Thank you! I shall certainly give her a call. Will keep you posted xx


----------



## 2ndhandgal (Aug 29, 2011)

If you do see her tell her Molly ratbag sent you her way


----------



## Marzi (Sep 17, 2012)

Glad you've got a plan in place! They are funny little thinking dogs and I think that they each have an 'ism' or two! But there good points are far greater!
When visitors arrive I would ask them to completely ignore Tilly, not make eye contact or anything - hopefully her ball will be enough to make her feel happy. Have you tried having a few treats in your pocket that you can drop on the floor near her (easy to do at the moment but not so much once master Henry is crawling around too!) - without calling her or anything, hopefully she'll scoff them up and look to you for more. If she will not eat it is another indicator that she is finding the whole situation quite stressful.
Tilly needs some relaxed doggy friends to walk with. Not dogs who are going to bother her - but dogs who enjoy being out and about and are generally unfazed by life.
Strangely one of our most stressed out members at Dodgy Dogs (a rescue from Portugal) who lunges and makes a horrendous noise at club if other dogs get too close to him or even just look at him, really enjoys walking off lead in a pack - in this situation he is quite submissive (Kiki is terrified of him at club, but outside he always submits to her, which makes us laugh because nobody ever submits to Kiki!!!) I'm sure Tilly's behavior is because she is unsure and feels threatened. When Kiki feels unsure she humps Dot 
I think it is Nancy who keeps a watering can full of dilute miracle gro (or equivalent) to wash in piddles on the lawn...
Kiki's breeder swore by Dog Rocks, but I've heard mixed reviews - if you try them let us know how you get on. Personally I think you should just be grateful that Tilly is not digging holes all over your new lawn!


----------



## Lottierachel (Mar 3, 2013)

I have just had a nice long chat on the phone with the trainer 2ndhand recommended, it was really helpful.

She, too, suggested going on walks with other nice dogs, but said that ultimately Tilly is completely within her rights to tell an uninvited dog to 'bugger off' (her words not mine!!) and that we seem to be in a society that expects every dog to want to be best friends with every other dog, when actually some just aren't interested! 

Tilly never seeks out the other dog, and doesn't go out of her way to have a go, and is probably one of those dogs who just doesn't really want to play! I will certainly try and arrange some walks with nice calm dogs.

I have tried treats, Marzi, but Tilly is not very food motivated.
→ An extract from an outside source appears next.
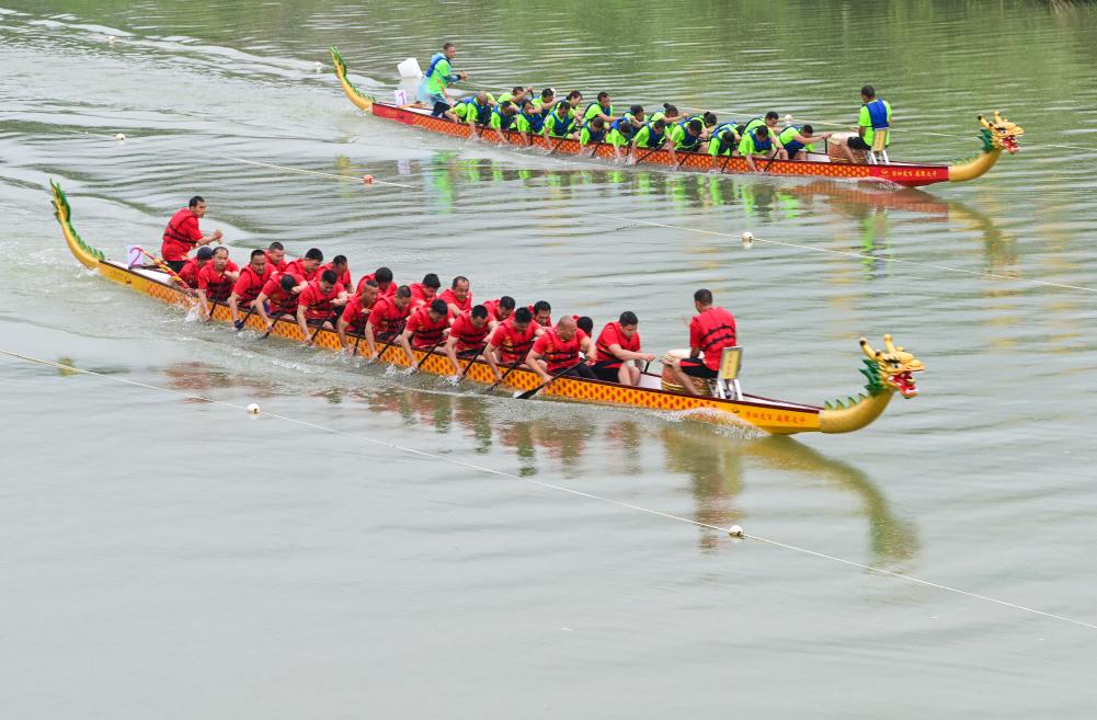 5月29日,在酉陽(yáng)縣龍?zhí)舵?zhèn),龍舟隊(duì)在水面角逐。
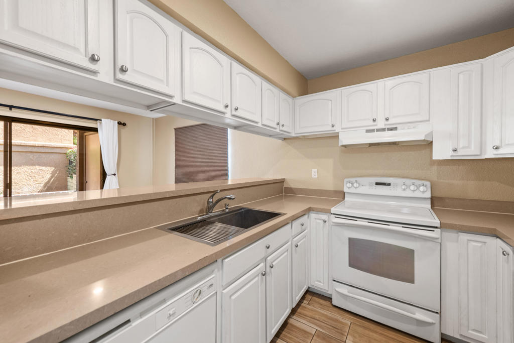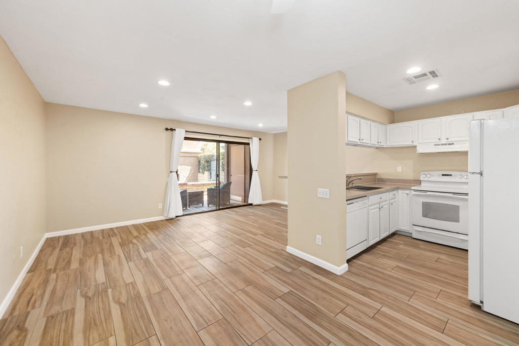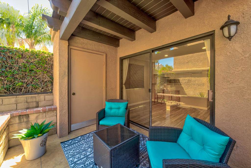 You know what they say: ‘Location, location, location…’ Well, this property hits the mark! Not only is it close to famous downtown Palm Springs and all its shopping, dining and activities, it’s also right next door to Desert Regional Hospital (Great for nurses or physicians, traveling nurses, etc..) AND it’s an unit + it’s downstairs. The complex is gated with secured, assigned parking + loads of additional parking for family, friends, or extra vehicles. Speaking of parking, #200 is beside the community’s back pedestrian gate, providing easy load-in and out of shopping treasures + parking access. No big stairways or long walks carrying groceries. Inside the condo you’ll notice…NO CARPET, whew! Instead, there’s wood-like tile that keeps things cool and easy to clean. There are two bedrooms with ample mirrored closets and a shared tiled & walled back patio with mountain views. The bathrooms have newer updates including a walk-in shower in one of them. There’s a stackable washer and dryer. The living room has a slider out to the front tiled patio that provides afternoon shade and an extra locking storage shed. Because it’s an end unit, it has extra light + a feeling of openness. There are ceiling fans throughout, recessed lights, quartz countertops, breakfast bar, dishwasher & fridge. The beautifully maintained & lush community has a large, centered, welcoming pool & spa + tennis courts & community mailbox. Water & trash are included in HOA. Celebrities & the rich and famous have enjoyed Palm Springs living for years..now it’s YOUR turn. Enjoy resort-style living, right here in Rancho El Mirador, at a super affordable price + you own the land.

Just before our walk today, I accidentally spilled a whole bag of treats on the floor, Tilly just looked at me, and then looked at the open cupboard because that's where her balls are kept!! She carried on staring at the cupboard as I crawled around picking the treats up with a 19lb baby strapped to me.

Ahh their little quirks  xxx


----------



## 2ndhandgal (Aug 29, 2011)

Glad she has been helpful - she is lovely 

Thinking about it I find we meet different types of owner depending on where we walk. I much prefer over the fields where the majority of the dogs are well socialised with sensible owners and we just pass them with dogs having either a sniff or ignoring each other and everyone respecting everyone else which sounds like it would be fine for Tilly. The park on the other hand everyone seems to take it as their dogs right to "play" with mine whether mine wish to be played with or not  Chance will quite often tell these to bugger off 

Happy to try a walk if you want - not sure mine are the best in the world for what you need though  they do generally pretty much just do their own thing - hunt in Mollys case and chase balls in Chances


----------



## fairlie (Sep 7, 2013)

I completely agree with the trainer, if a dog can't read dog he deserves a bugger off. In a way it is like with people. Almost all kids will want to engage with a same size child if that child smiled at them and invited them to play. But how many adults in the park would like to have their reading of the paper or stroll interupted like that? How many people practicing their putting would want someone else to grab their club? 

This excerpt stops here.